### Exercise
The task for the listing below is to write out exactly the lines starting at the one containing "他说,探月工程将转入三期,主" and ending at the one containing "전국 시대 중국 남성들은", both included. Pictures are to be omitted.

### Material supplied
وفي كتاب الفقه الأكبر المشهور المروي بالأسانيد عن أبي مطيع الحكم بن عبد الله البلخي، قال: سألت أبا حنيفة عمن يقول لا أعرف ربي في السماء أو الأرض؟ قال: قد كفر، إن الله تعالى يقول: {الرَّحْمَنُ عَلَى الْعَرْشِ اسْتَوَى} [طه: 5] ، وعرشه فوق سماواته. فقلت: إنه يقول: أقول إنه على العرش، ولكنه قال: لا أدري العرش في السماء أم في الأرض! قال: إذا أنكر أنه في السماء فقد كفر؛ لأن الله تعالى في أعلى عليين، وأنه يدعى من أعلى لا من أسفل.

==

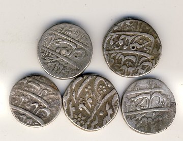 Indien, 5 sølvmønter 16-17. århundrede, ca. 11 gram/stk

* * *

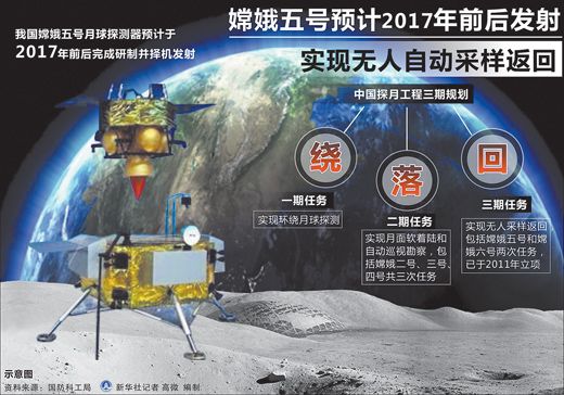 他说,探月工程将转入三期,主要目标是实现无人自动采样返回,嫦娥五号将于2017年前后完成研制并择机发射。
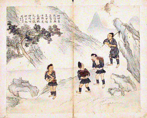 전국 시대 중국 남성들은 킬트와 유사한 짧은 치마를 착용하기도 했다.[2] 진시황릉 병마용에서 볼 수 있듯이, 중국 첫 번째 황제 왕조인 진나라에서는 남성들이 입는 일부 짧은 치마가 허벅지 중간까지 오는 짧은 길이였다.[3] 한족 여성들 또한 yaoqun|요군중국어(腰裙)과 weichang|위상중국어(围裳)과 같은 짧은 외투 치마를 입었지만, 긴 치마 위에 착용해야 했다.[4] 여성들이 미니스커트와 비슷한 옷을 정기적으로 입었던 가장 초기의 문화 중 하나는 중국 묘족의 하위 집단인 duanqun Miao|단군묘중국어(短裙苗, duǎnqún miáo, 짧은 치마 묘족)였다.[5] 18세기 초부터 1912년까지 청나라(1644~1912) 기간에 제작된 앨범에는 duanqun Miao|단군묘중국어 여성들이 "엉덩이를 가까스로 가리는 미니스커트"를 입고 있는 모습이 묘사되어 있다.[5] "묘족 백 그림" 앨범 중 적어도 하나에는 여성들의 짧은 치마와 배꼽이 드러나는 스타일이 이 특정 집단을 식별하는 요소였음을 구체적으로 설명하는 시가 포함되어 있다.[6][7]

### Response box
 他说,探月工程将转入三期,主要目标是实现无人自动采样返回,嫦娥五号将于2017年前后完成研制并择机发射。
 전국 시대 중국 남성들은 킬트와 유사한 짧은 치마를 착용하기도 했다.[2] 진시황릉 병마용에서 볼 수 있듯이, 중국 첫 번째 황제 왕조인 진나라에서는 남성들이 입는 일부 짧은 치마가 허벅지 중간까지 오는 짧은 길이였다.[3] 한족 여성들 또한 yaoqun|요군중국어(腰裙)과 weichang|위상중국어(围裳)과 같은 짧은 외투 치마를 입었지만, 긴 치마 위에 착용해야 했다.[4] 여성들이 미니스커트와 비슷한 옷을 정기적으로 입었던 가장 초기의 문화 중 하나는 중국 묘족의 하위 집단인 duanqun Miao|단군묘중국어(短裙苗, duǎnqún miáo, 짧은 치마 묘족)였다.[5] 18세기 초부터 1912년까지 청나라(1644~1912) 기간에 제작된 앨범에는 duanqun Miao|단군묘중국어 여성들이 "엉덩이를 가까스로 가리는 미니스커트"를 입고 있는 모습이 묘사되어 있다.[5] "묘족 백 그림" 앨범 중 적어도 하나에는 여성들의 짧은 치마와 배꼽이 드러나는 스타일이 이 특정 집단을 식별하는 요소였음을 구체적으로 설명하는 시가 포함되어 있다.[6][7]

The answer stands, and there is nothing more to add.